[Directions]
Copy the data below exactly, but not the pictures it contains.

(Exercise data Opens)

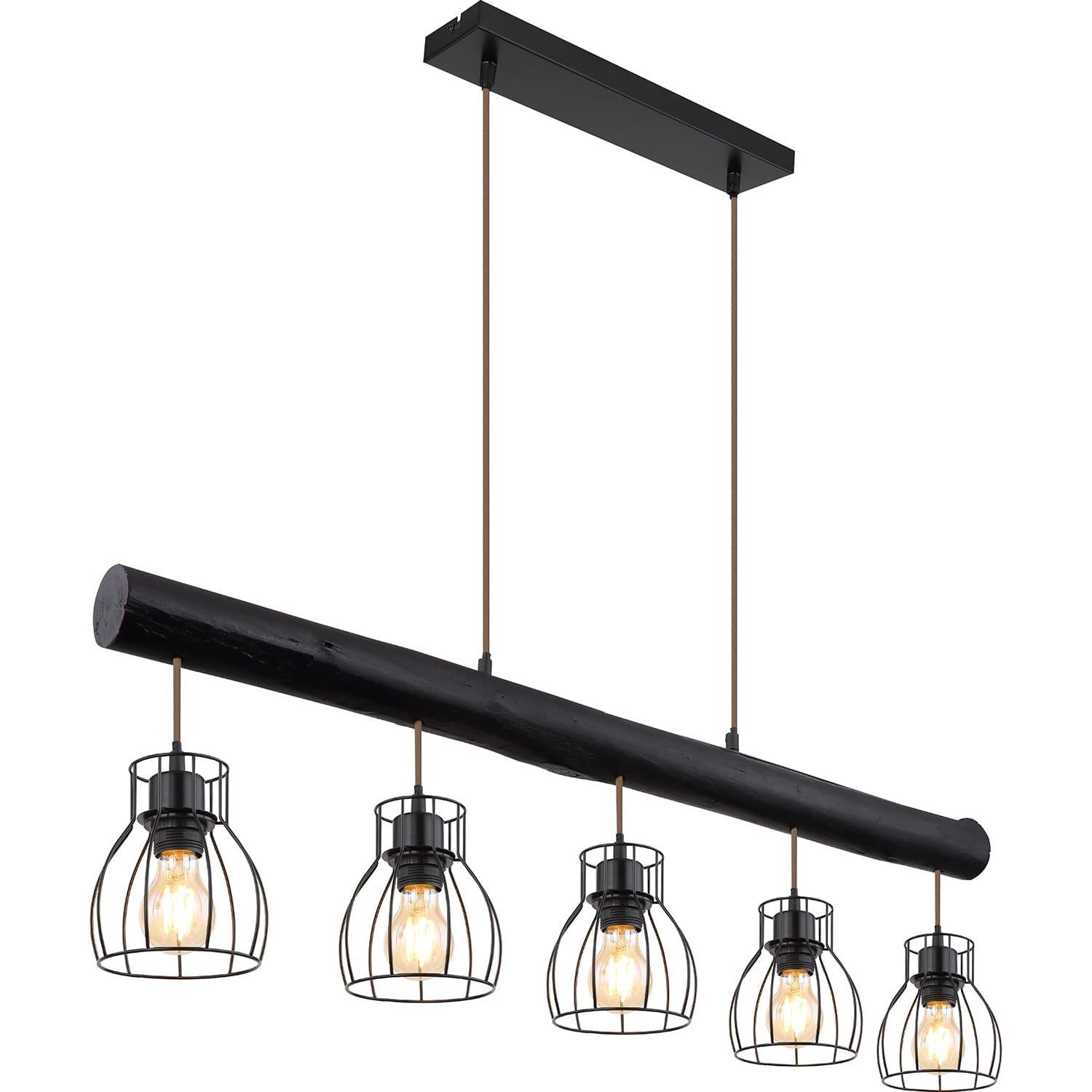 Lampe à suspension métal noir mat, bois noir, métal noir, câble textile champagne, poutres en bois brûlées, LxlxH : 1040x136x1400mm, exclu 5x E27 60W 230V.
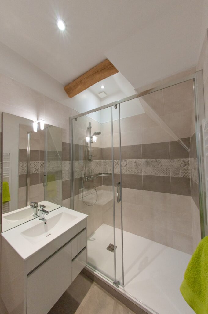 - 2 salles de bain supplémentaires composées chacune d’une grande douche à l’italienne, d’un sèche serviette, d’un sèche-cheveux
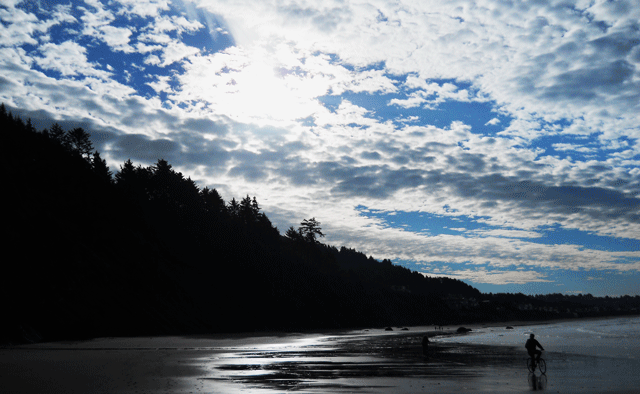 This is a beautiful shot – but also a potentially sad one. See the two bike riders? See the water line of where the waves have been? As you get out to Road’s End it is not wise to follow the water line of the ocean, but rather the water line to the east that you see on the beach. Question to yourself why that sand is so wet . . . . The end of Road’s End towards the mouth of the Salmon River on the other side pulls the water in several directions. The Surf will come in at unpredictable ways.

(Exercise data Closes)

[Reply to the exercise]
 Lampe à suspension métal noir mat, bois noir, métal noir, câble textile champagne, poutres en bois brûlées, LxlxH : 1040x136x1400mm, exclu 5x E27 60W 230V.
 - 2 salles de bain supplémentaires composées chacune d’une grande douche à l’italienne, d’un sèche serviette, d’un sèche-cheveux
 This is a beautiful shot – but also a potentially sad one. See the two bike riders? See the water line of where the waves have been? As you get out to Road’s End it is not wise to follow the water line of the ocean, but rather the water line to the east that you see on the beach. Question to yourself why that sand is so wet . . . . The end of Road’s End towards the mouth of the Salmon River on the other side pulls the water in several directions. The Surf will come in at unpredictable ways.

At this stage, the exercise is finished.